Как петушок в прозрачной летней тьме —
Харчи да харк, да что-нибудь, да враки —
Стук дятла сбросил с плеч. Прыжок. И я в уме.
Тут и собственное полубезумие после ареста, и отголоски клеветы и литературных скандалов вокруг Мандельштама (пощечину Алексею Толстому он дал буквально за неделю до ареста), и тема доносительства — «стук дятла» (Мандельштамы подозревали, что арест был вызван доносом одного литератора30). При этом мотив не досмотренной драки «клевещущих козлов», имеющий конкретное биографическое наполнение, имеет также и неожиданную в таком контексте поэтическую параллель — в пушкинском «Графе Нулине»:
Наталья Павловна сначала
Его внимательно читала,
Но скоро как-то развлеклась
Перед окном возникшей дракой
Козла с дворовою собакой
И ею тихо занялась.
Может быть, отсюда же прилетел и мандельштамовский «петушок»:
Индейки с криком выступали,
Вослед за мокрым петухом…
И у Пушкина, и у Мандельштама ряд зоокартинок прерывается внезапным событием:
...Вдруг колокольчик зазвенел.
У Мандельштама таким событием становится «прыжок», описанный в воспоминаниях Надежды Яковлевны: по приезде в Чердынь, полубезумный, он в больнице выпрыгнул из окна, и это вернуло его в сознание — «Прыжок. И я в уме»31.
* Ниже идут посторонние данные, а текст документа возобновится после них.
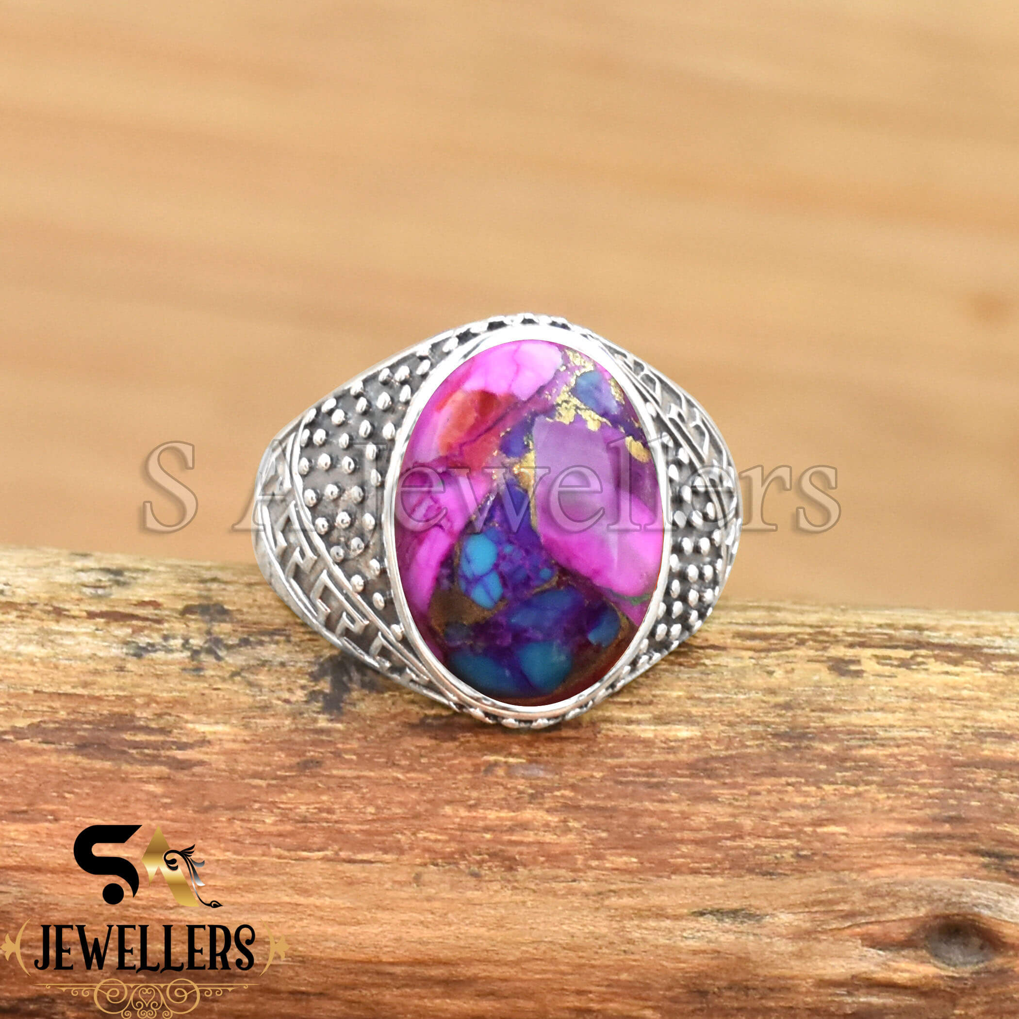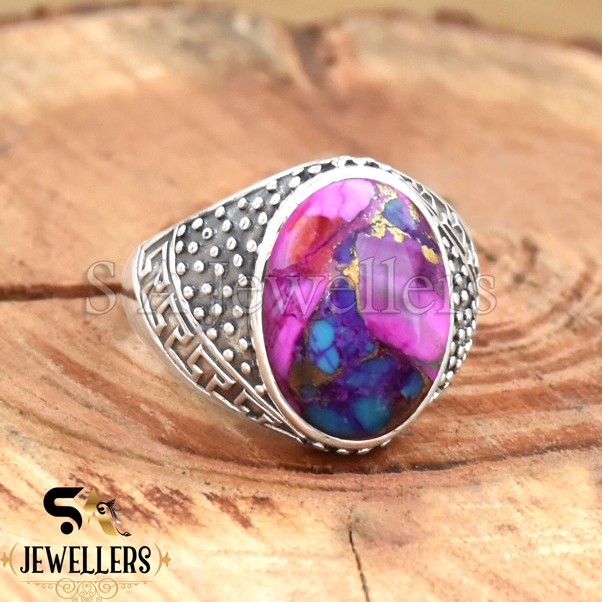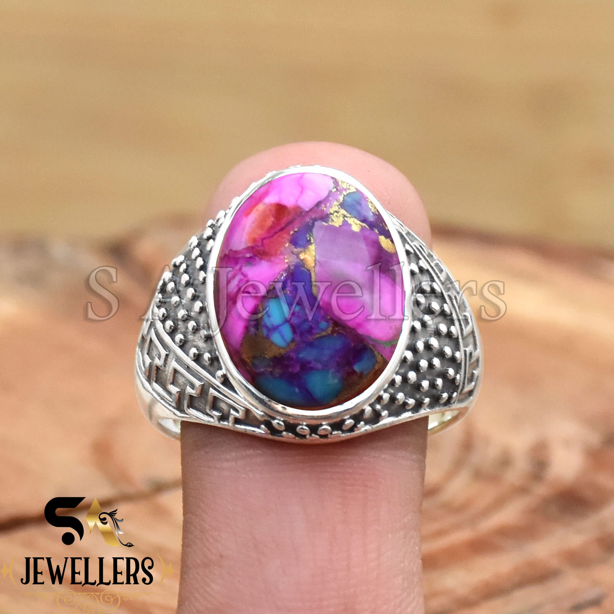 Kingman Pink Dahlia Turquois Men’s Ring, 925 Sterling Silver Ring, Boho Ring, Statement Ring, Stylish Silver Ring,

Пушкинская зарисовка скотного двора носит нарочито сниженный юмористический характер — сознательная или бессознательная отсылка к ней в «Стансах» снимает драматизм с предарестных воспоминаний, облегчает примирение с реальностью. И дальше «Стансы» идут как по накатанному:
Я должен жить, дыша и большевея,
Работать речь, не слушаясь — сам-друг, —
Я слышу в Арктике машин советских стук…
Таким образом, Пушкин в 1935 году помогал Мандельштаму определиться в отношениях с современностью.
sub
/sub
Памятник
Тема пушкинского «Памятника» — классическая, Мандельштам тоже на эту тему высказался, и не раз. Его «Памятник» рассыпан по нескольким стихотворениям 1935 — 1937 годов — тема начинает звучать после знаменитой фразы, которую услышала от него Ахматова в феврале 1934 года: «Я к смерти готов», после первого ареста и двух попыток самоубийства (в мае — июне 1934 года, на Лубянке и потом в Чердыни). Перейдя за этот рубеж, Мандельштам в двух стихотворениях весны 1935 года говорит о себе оттуда, из послесмертия:
Это какая улица?
Улица Мандельштама.
Что за фамилия чортова —
Как ее ни вывертывай,
Криво звучит, а не прямо.
Мало в нем было линейного,
Нрава он не был лилейного,
И потому эта улица
Или, верней, эта яма
Так и зовется по имени
Этого Мандельштама…
Эти стихи о сомнительной посмертной славе — парадоксальная параллель к строчкам пушкинского «Памятника»: «Слух обо мне пройдет по всей Руси великой / И назовет меня всяк сущий в ней язык…» Есть тут и предчувствие собственной могилы — в общей лагерной яме. Более близкая параллель, и уже с прямыми реминисценциями из Пушкина, слышна в другом стихотворении весны 1935 года32:
Да, я лежу в земле, губами шевеля,
И то, что я скажу, заучит каждый школьник:
На Красной площади всего круглей земля
И скат ее твердеет добровольный.
На Красной площади земля всего круглей,
И скат ее нечаянно раздольный,
Откидываясь вниз, до рисовых полей, —
Покуда на земле последний жив невольник.